▶ Exercise aim
The lines below from the one with "(市科协副主席何存,市委宣传" up to and including the one with "Nous avons déjeuné" are what you should set down, exactly and without pictures.

▶ Source data
____________________

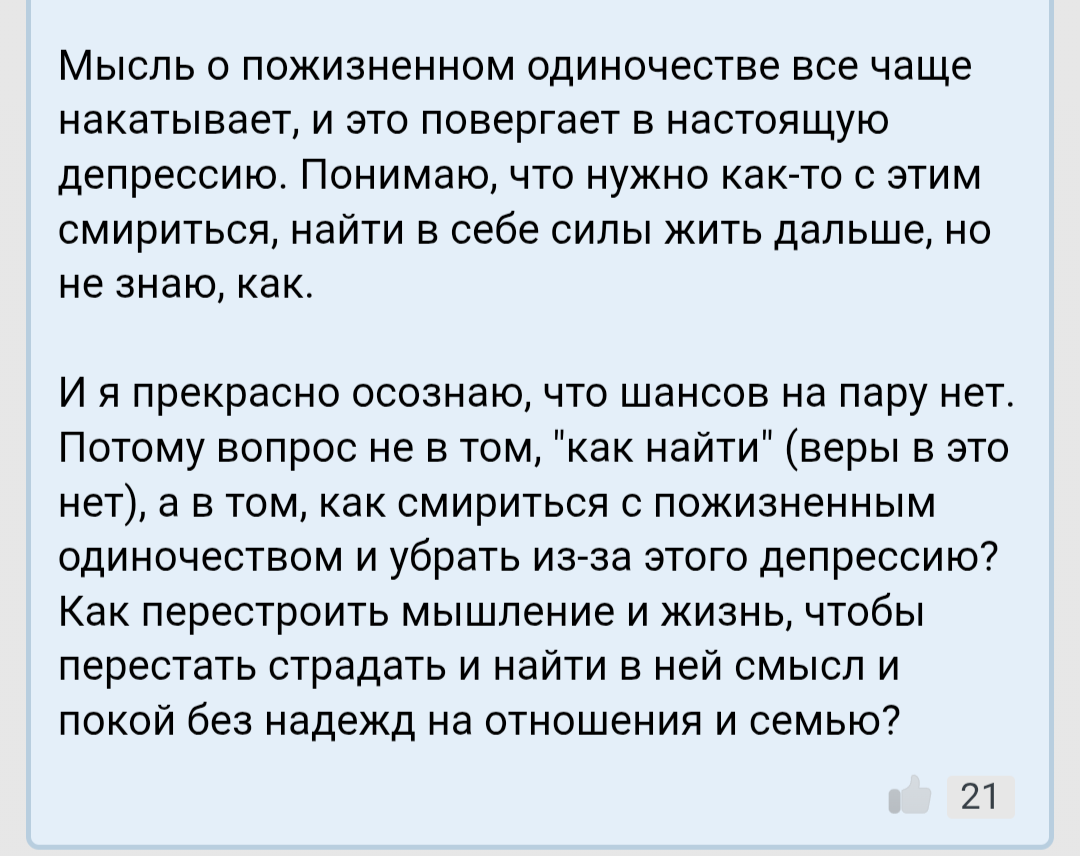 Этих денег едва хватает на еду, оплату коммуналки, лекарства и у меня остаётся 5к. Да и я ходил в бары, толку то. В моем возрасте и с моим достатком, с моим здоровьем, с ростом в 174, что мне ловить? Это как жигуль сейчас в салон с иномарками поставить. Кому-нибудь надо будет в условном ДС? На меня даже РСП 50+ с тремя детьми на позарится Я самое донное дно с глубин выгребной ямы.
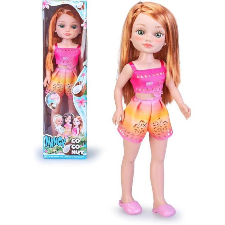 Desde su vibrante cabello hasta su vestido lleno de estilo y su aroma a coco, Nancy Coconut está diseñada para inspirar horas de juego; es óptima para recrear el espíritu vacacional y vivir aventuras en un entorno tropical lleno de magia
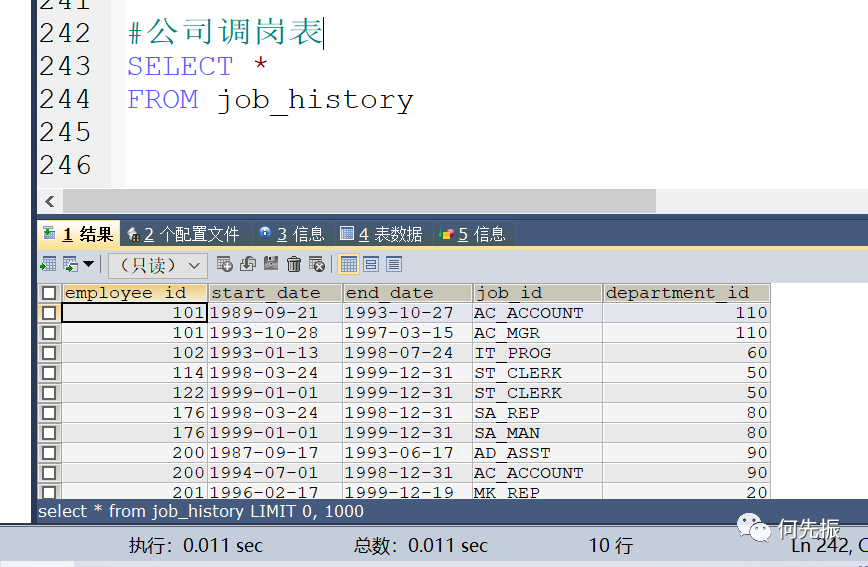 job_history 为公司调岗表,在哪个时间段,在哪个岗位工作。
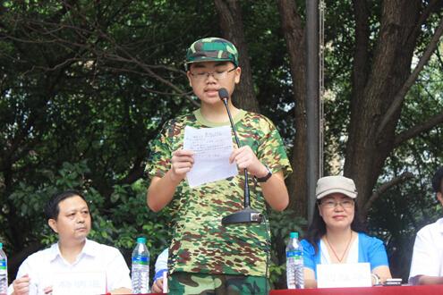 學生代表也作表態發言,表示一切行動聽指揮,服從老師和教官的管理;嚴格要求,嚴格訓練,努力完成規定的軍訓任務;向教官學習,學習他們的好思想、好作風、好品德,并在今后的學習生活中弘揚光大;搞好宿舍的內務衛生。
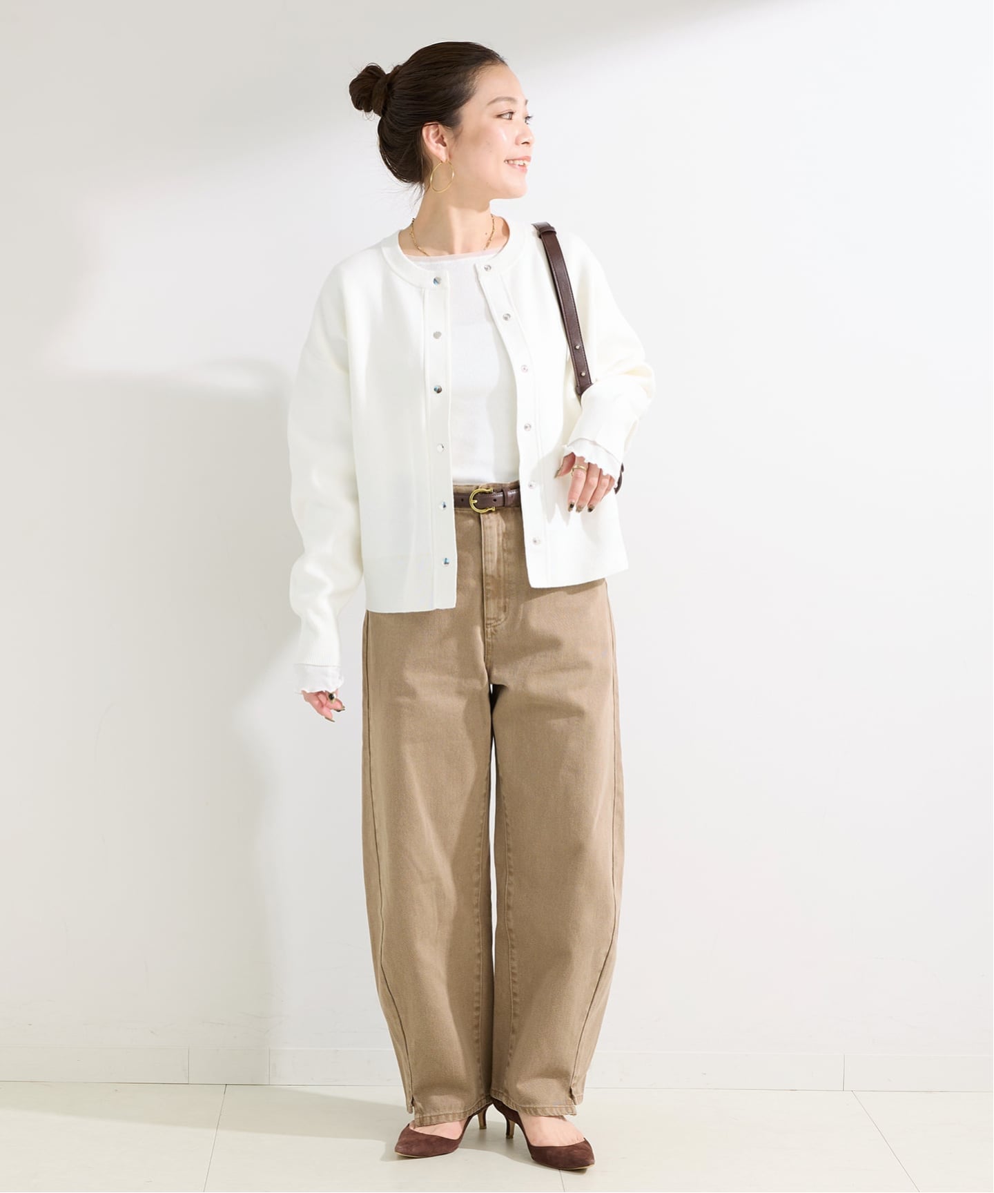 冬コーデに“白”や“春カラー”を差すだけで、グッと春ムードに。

____________________

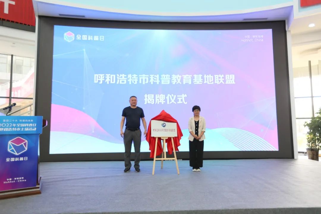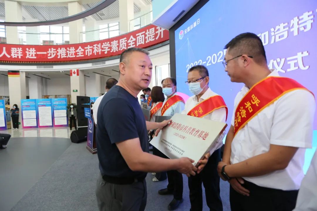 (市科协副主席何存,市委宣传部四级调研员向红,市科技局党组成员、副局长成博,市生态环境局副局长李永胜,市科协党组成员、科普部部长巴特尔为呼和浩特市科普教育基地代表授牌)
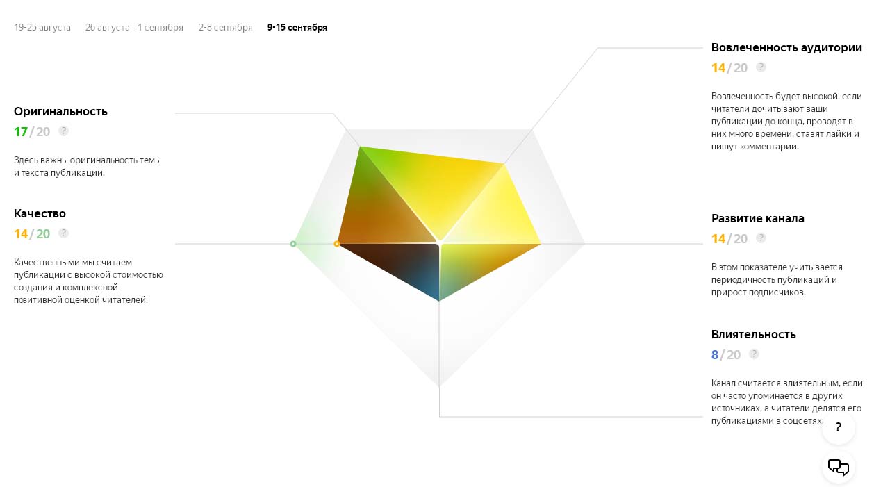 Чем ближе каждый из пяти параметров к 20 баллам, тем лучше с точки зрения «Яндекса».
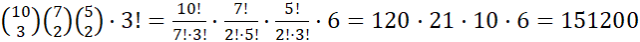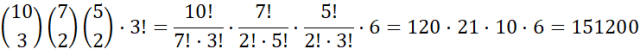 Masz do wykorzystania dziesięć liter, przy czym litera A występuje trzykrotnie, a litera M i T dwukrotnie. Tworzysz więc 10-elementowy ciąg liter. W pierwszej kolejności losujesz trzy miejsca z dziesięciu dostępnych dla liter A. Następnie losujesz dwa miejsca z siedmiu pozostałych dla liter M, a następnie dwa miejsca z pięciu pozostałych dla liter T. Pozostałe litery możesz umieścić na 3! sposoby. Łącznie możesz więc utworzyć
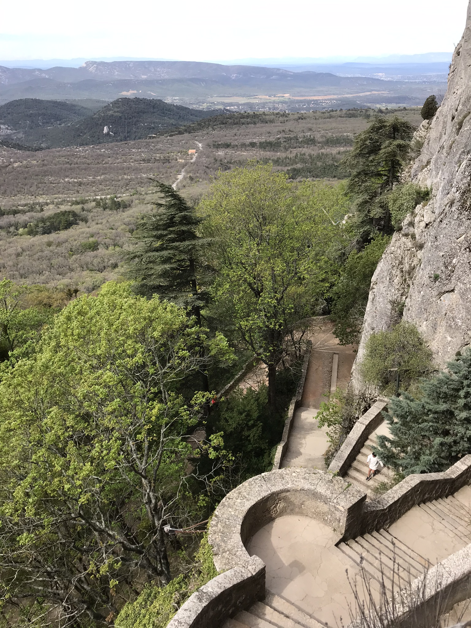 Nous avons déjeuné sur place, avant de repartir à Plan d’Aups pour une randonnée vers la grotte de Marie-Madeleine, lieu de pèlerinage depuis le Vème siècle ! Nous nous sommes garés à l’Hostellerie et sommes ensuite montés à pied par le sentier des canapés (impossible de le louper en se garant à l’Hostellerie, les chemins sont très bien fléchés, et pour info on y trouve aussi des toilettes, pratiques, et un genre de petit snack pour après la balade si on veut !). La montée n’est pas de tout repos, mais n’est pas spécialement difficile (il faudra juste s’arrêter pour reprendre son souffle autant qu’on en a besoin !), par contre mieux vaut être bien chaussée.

____________________

▶ Task solution
 (市科协副主席何存,市委宣传部四级调研员向红,市科技局党组成员、副局长成博,市生态环境局副局长李永胜,市科协党组成员、科普部部长巴特尔为呼和浩特市科普教育基地代表授牌)
 Чем ближе каждый из пяти параметров к 20 баллам, тем лучше с точки зрения «Яндекса».
 Masz do wykorzystania dziesięć liter, przy czym litera A występuje trzykrotnie, a litera M i T dwukrotnie. Tworzysz więc 10-elementowy ciąg liter. W pierwszej kolejności losujesz trzy miejsca z dziesięciu dostępnych dla liter A. Następnie losujesz dwa miejsca z siedmiu pozostałych dla liter M, a następnie dwa miejsca z pięciu pozostałych dla liter T. Pozostałe litery możesz umieścić na 3! sposoby. Łącznie możesz więc utworzyć
 Nous avons déjeuné sur place, avant de repartir à Plan d’Aups pour une randonnée vers la grotte de Marie-Madeleine, lieu de pèlerinage depuis le Vème siècle ! Nous nous sommes garés à l’Hostellerie et sommes ensuite montés à pied par le sentier des canapés (impossible de le louper en se garant à l’Hostellerie, les chemins sont très bien fléchés, et pour info on y trouve aussi des toilettes, pratiques, et un genre de petit snack pour après la balade si on veut !). La montée n’est pas de tout repos, mais n’est pas spécialement difficile (il faudra juste s’arrêter pour reprendre son souffle autant qu’on en a besoin !), par contre mieux vaut être bien chaussée.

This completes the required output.